Early on, the Road Show attracted other construction associations, a phenomenon which has continued until the present, when ConExpo-Con/AGG has become an industry-wide meeting for the construction and construction materials industries.
“It’s a huge event,” commented Brian Deery, senior director of the Highway Division of the Associated General Contractors of America [AGC], which is listed as one of the show co-sponsors. AGC is sponsoring the Information Technology Pavilion at the show, which will showcase software, contractor applications, support equipment, telecommunications and other equipment or services for technology-type and management service companies such as insurance and consulting.
“The pavilion kind of parallels what we do on off-ConExpo years but it is part of ConExpo,” said AGC spokesperson Dennis Day. “This is the second time we are listed as a show co-sponsor but the first time that we are actually sponsoring part of the show with the pavilion.”
AGC, ARTBA, and the National Utility Contractors Association (NUCA) are among the nine industry organizations that are holding their national conventions in Las Vegas during the show.
Officials of the organizations say their members can attend special meetings, with their own speakers and social events, at their convention programs, but also benefit from the networking and wide range of information at the big show.

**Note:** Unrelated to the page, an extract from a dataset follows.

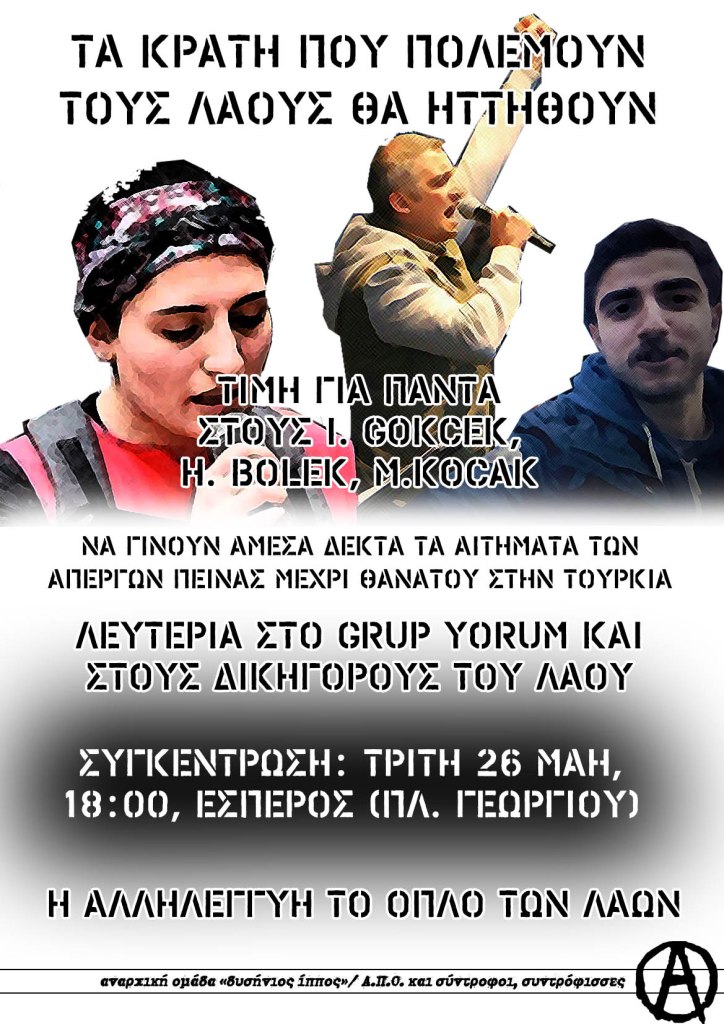 Τιμούμε τη μνήμη της αγωνίστριας Helin Bölek και των αγωνιστών Ibrahim Göckçek και Mustafa Koçak, που δολοφονήθηκαν από το τούρκικο κράτος, μετά από πολύμηνες απεργίες πείνας, αγωνιζόμενοι για τη δικαίωση των αιτημάτων του συγκροτήματος Grup Yorum και την υπεράσπιση των δικαιωμάτων των διωκόμενων αγωνιστών. Απαιτούμε την άμεση δικαίωση των απεργών πείνας μέχρι θανάτου στην Τουρκία. Απαιτούμε την άμεση αποφυλάκιση των 11 συλληφθέντων Τούρκων και Κούρδων αγωνιστών από το ελληνικό κράτος, το οποίο συμβάλλει στις δολοφονικές πολιτικές των υπηρεσιών της Τουρκίας απέναντι στους αγωνιζόμενους. Ενάντια στην κρατική και καπιταλιστική βαρβαρότητα, οι καταπιεσμένοι και εκμεταλλευόμενοι σε κάθε γωνιά του πλανήτη, όλοι όσοι αγωνίζονται, δίνουμε τις μάχες αυτές που θα οικοδομήσουν μια κοινωνία ισότητας, ελευθερίας και αλληλεγγύης, μέχρι τα τραγούδια του αγώνα να ανθίσουν και να γκρεμίσουν τον χρεοκοπημένο κόσμο των κυρίαρχων.

AGC expects 3,500 people at its national convention. NUCA, co-locating its convention in conjunction with ConExpo-Con/AGG for the first time, expects about 800. Also co-locating for the first time will be the International Exposition for Fluid Power.
“We’re hoping to receive additional exposure from being associated with the show,” said Bill Hilllman, NUCA’s executive vice president in Arlington, Va.
“We’re hoping to have all kinds of people learn more about NUCA, and there’s also greater cost-efficiency for our members who can ’kill two birds with one stone’ by attending both events. We also gave up our own equipment show because of ConExpo being there.”
“Being associated with the largest construction and aggregate trade show is a benefit for our members, who can not only attend our educational sessions but also go to ConExpo to see the latest equipment and services,” said AGC’s Day.
“Anytime you can get over 100,000 people together at a show, it’s a great benefit. I can’t imagine it not being a hugely successful show.”
From the first Road Show in 1909 to the spectacular gathering in 2002, the industry displays its vigor as it moves onward and upward.